We rejoiced in Kossuth's effort to make Hungary free in 1849. At that time Daniel Webster said the United States could not be indifferent to "the fortunes of nations struggling for institutions like our own. Certainly the United States may be pardoned . . . if they entertain an ardent affection for those popular forms of political organization which have so rapidly advanced their own prosperity and happiness." In our current mood his words seem bombastic, but at the time they evoked passionate approval, for they expressed a profound urge to see the whole world free. Abraham Lincoln spoke for all Americans when he spoke of the Declaration of Independence as "a stumbling block to tyrants" and giving "hope to the world for all future time. It was that which gave promise that in due time the weight would be lifted from the shoulders of all men." It would be easy to compile a long list of instances when, with public support, the Government of the United States welcomed and encouraged revolution.

Familiarity with our own record will end much of the difficulty in understanding current revolutions. For 1961 is still part of the Age of Revolution that was launched in 1776. Once the citizen has become accustomed to this idea, there will be no temptation to bewail all violent political change. The first essential in an imaginative approach to new governments, therefore, is to realize that revolution is normal, sanctified by experience and by theory.

III

The second step in the imaginative understanding of new governments is a realization that they will be unstable, that there will be keen competition to govern. The reasons lie plain upon the surface. During a struggle for independence all patriots can unite upon that one common goal, subordinating their differences to the single paramount objective. Deficiencies that have existed in the public service, of whatever sort, can be attributed to the imperial power, taxes can be blamed upon the distant rulers, and every burden can be described as "exploitation." Our Declaration of Independence contained a whole catalog of abuses.

Once independence is achieved, all that is changed. Unity of purpose can no longer be attained by fighting against an outsider; no distant devil can be blamed. There must now be purpose for, not against, and every man is likely to have his own program.

Again our own history illustrates the problem perfectly. Thomas Paine, one of the authors of our Revolution, whose "Appeal to Reason" was such a potent force, was as one with George Washington throughout the war. But in 1796, Paine wrote in a pamphlet entitled "Letter to George Washington":

There was a time when the fame of America, moral and political, stood fair and high in the world. The luster of her revolution extended itself to every individual and to be a citizen of America gave a title to respect in Europe. Neither meanness nor ingratitude had then mingled itself into the composition of her character. . . . The Washington of politics had not then appeared. . . .

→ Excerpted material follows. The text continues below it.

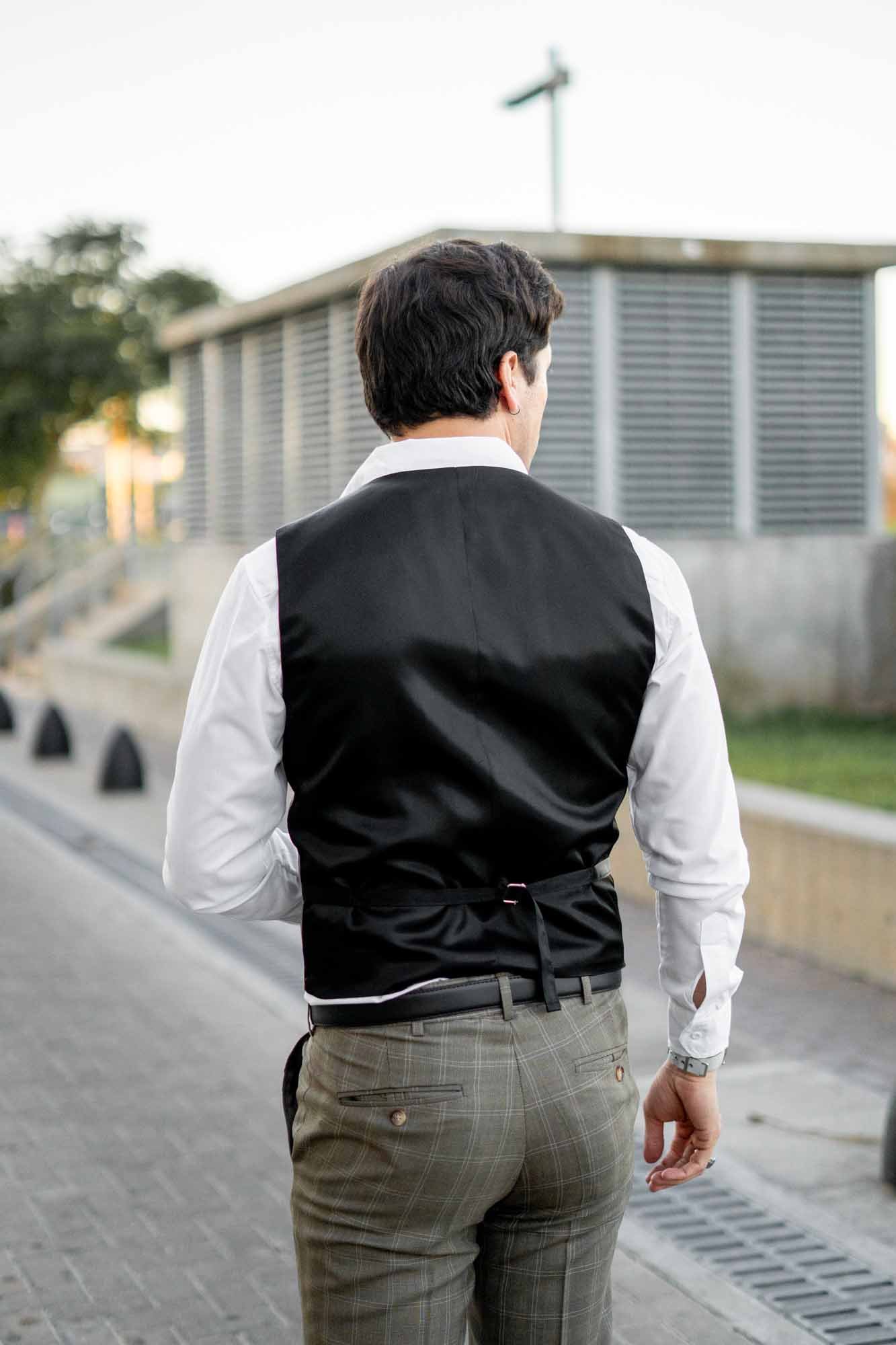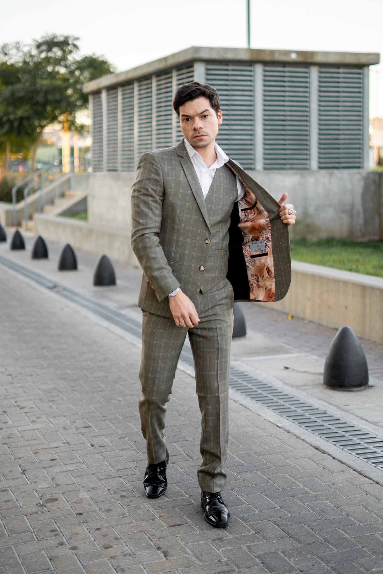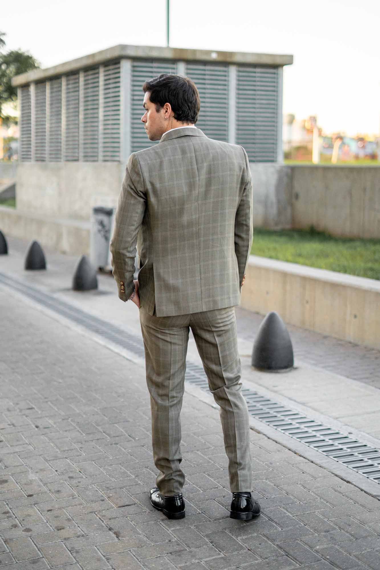 La tela de tonalidad neutra, disponible en gris verdoso o marrón topo, se complementa con un patrón de cuadros sutil que agrega textura y profundidad visual al conjunto. El saco presenta solapas de muesca y está diseñado para ofrecer un ajuste favorecedor que resalta la silueta masculina. El chaleco aporta una capa adicional de elegancia, mientras que el pantalón de corte recto completa el look con estilo impecable. Cada detalle ha sido cuidadosamente pensado para ofrecer una experiencia de uso excepcional.

And as to you, sir, treacherous in private friendship . . . and a hypocrite in public life, the world will be puzzled to decide, whether you are an apostate or an impostor; whether you have abandoned good principles, or whether you ever had any.

The rift after our Revolution was not merely personal; it was revealed in the structure of government. The colonies, having become states, set up a central government, but they had been resisting centralized control and saw to it that it was weak. "The Articles of Confederation" were slow in the drafting (17 months), tardy in acceptance (over three years), feeble in action. Our first national government was a failure.

From the Declaration of Independence to the establishment of our second government in 1789, nearly 13 years elapsed. Even then we had not fully faced reality. The new Constitution made no reference to parties, which Washington and others denounced, calling them factions. Yet between the ideas of Jefferson on the one hand and Hamilton on the other there was a great gulf which neither all the efforts nor all the persuasion nor all the prestige of Washington could bridge. Parties proved to be essential to the operation of the government.

If, with all the inheritance from British constitutional tradition and all the training in self-government which our forefathers possessed, they could not remain united, how can we expect these new nations, most of whom have no such sound inheritance, to do better? At the end of 13 years of declared independence, our government was virtually bankrupt. Even after the new government was set up and fiscal order restored, as late as 1800 Aaron Burr was almost able to steal the presidency from Thomas Jefferson. Few Americans now recall that Jefferson finally won only on the 36th ballot. It took a constitutional amendment to prevent a recurrence of so scandalous a gambit--and to admit thereby how essential a role parties play.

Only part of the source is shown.